Sunday, May 16, 2010

The Art of Revision

Prospectus submitted, prospectus returned. Looking at it now, I'm embarrassed at my hasty draft. However, a crappy draft, a detailed editorial review, and a healthy dose of shame to drive revision is really how I work best as a writer. Of course, there is already a snag. I initially wrote that critical pedagogy has lost popularity and credibility in the academic landscape. To prove this, my advisor suggested checking the critical pedagogy hits in College English and College Composition and Communication over the years to show a decrease of interest. However, there isn't a significant shift in the number of articles. I assume, though, that current articles are more critiques of critical pedagogy rather than pitches. I'm assuming because certainty would require a lot of sifting - 1500 articles worth of sifting to be exact. Instead, here is my current introduction (which looks to bypass that work for the moment):

Dissertation Prospectus - Critical Pedagogy 2.0: The Post-Fordist Classroom
When critical pedagogy rose to popularity in the 1980s, there was clear justification for its appeal.

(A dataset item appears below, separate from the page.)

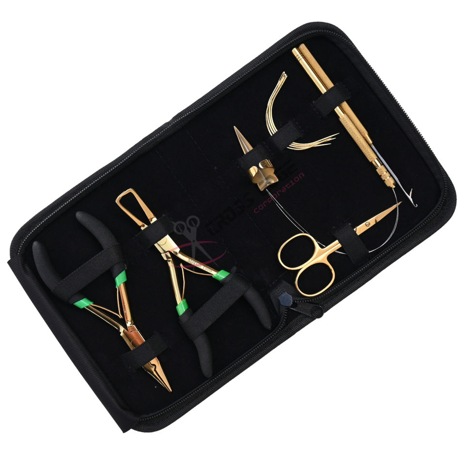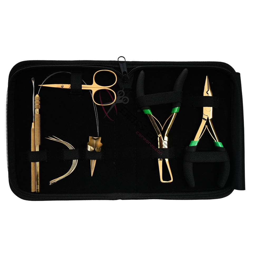 Kit de herramientas para extensiones de cabello con tenacilla de cuentas doradas y tijeras de precisión para hilo.

In a time where composition was looking to distinguish itself as more than a service industry, scholars and teachers seized the opportunity to bridge teaching composition with the theoretical work of the Frankfurt School, Antonio Gramsci, and Foucault, amongst others, to illustrate that the teaching of writing had always had larger and ethical and political implications than we traditionally acknowledged. It also helped rationalize the problems that arose after open admissions policies changed the socio-economic make up of college campuses, connecting student success and engagement with the students' ideologies, which were formed based on their economic and social status in society. By the end of the 80’s, although the diversity of sources and methodologies taken up by critical pedagogy continued to expand, it became an umbrella term that described the various ways educators work to critique the capitalistic institution of higher education and to empower those who have disenfranchised by the system.

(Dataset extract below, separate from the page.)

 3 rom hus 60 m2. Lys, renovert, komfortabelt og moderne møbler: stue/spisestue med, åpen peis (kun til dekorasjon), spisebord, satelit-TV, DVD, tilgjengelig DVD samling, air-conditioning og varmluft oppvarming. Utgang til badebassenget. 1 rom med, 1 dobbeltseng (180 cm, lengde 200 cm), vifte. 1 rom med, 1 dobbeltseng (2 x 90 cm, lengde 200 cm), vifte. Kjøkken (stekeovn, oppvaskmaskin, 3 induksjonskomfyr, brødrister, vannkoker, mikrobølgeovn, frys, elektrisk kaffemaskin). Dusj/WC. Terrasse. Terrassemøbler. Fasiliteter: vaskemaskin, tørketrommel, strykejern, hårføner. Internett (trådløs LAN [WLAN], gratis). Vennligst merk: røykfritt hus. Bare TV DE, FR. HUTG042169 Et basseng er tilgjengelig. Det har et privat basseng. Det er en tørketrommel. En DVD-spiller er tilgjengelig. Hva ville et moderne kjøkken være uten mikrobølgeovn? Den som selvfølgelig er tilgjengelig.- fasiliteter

Since the term critical pedagogy was coined by Henry Giroux in 1983, there have been dramatic changes in the economic and social landscape, mostly driven by the rise of the Internet. These changes raise questions about the effectiveness of standard critical pedagogy approaches and give cause for practitioners to consider new ways to achieve the same goals. In the words of Paulo Freire, "This pedagogy makes oppression and its cause objects of reflection by the oppressed, and from that reflection will come their necessary engagement in the struggle for their liberation. And in the struggle this pedagogy will be made and remade" (33). My dissertation will examine how critical pedagogy in composition classrooms was made and how it could be remade to address changes in labor and social modes of power. Could there be a critical pedagogy 2.0 that thrives and functions within new media ecologies and takes into consideration new forms of capitalism and modes of power? Throughout my diagnostic and prescriptive sections, I will be focusing on three key questions: How has labor changed? How have modes of social power changed? And how does our conception of critical literacy need to change?